RECORDS FOR THE EXERCISE >>
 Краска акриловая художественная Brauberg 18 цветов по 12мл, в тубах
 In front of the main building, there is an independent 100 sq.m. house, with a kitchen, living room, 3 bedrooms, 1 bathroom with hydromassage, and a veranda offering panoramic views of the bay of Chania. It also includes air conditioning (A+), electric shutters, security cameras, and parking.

...

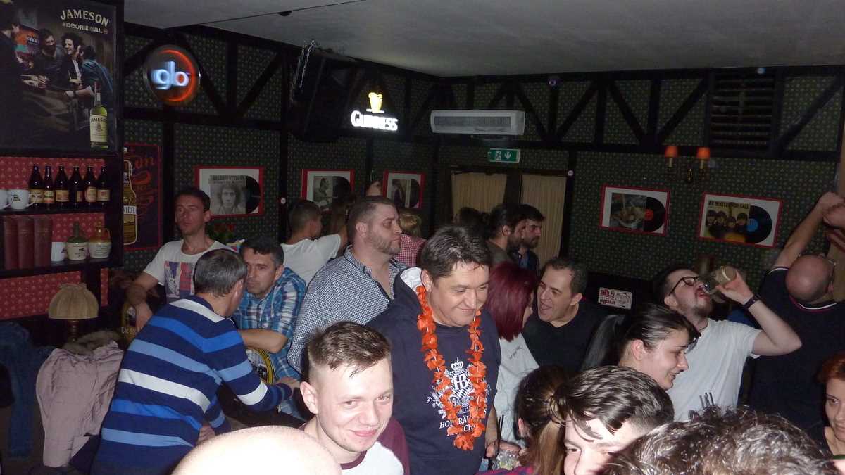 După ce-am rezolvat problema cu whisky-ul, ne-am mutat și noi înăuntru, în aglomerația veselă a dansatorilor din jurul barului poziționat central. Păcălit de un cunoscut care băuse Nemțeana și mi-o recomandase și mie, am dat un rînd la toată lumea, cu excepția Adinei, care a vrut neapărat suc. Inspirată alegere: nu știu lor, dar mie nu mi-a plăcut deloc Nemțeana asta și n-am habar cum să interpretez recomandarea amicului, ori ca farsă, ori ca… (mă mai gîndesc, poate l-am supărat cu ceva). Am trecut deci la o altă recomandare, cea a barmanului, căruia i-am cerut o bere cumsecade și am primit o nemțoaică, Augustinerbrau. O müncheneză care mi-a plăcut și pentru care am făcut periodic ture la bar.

...

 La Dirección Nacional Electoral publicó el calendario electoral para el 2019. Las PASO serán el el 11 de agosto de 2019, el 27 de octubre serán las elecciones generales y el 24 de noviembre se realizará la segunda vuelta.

YOUR GOAL >> Give back, unchanged, the run of lines in the listing above that begins at the line containing "Краска акриловая художественная" and ends at the line containing "In front of", both included.

EXPECTED ANSWER >>
 Краска акриловая художественная Brauberg 18 цветов по 12мл, в тубах
 In front of the main building, there is an independent 100 sq.m. house, with a kitchen, living room, 3 bedrooms, 1 bathroom with hydromassage, and a veranda offering panoramic views of the bay of Chania. It also includes air conditioning (A+), electric shutters, security cameras, and parking.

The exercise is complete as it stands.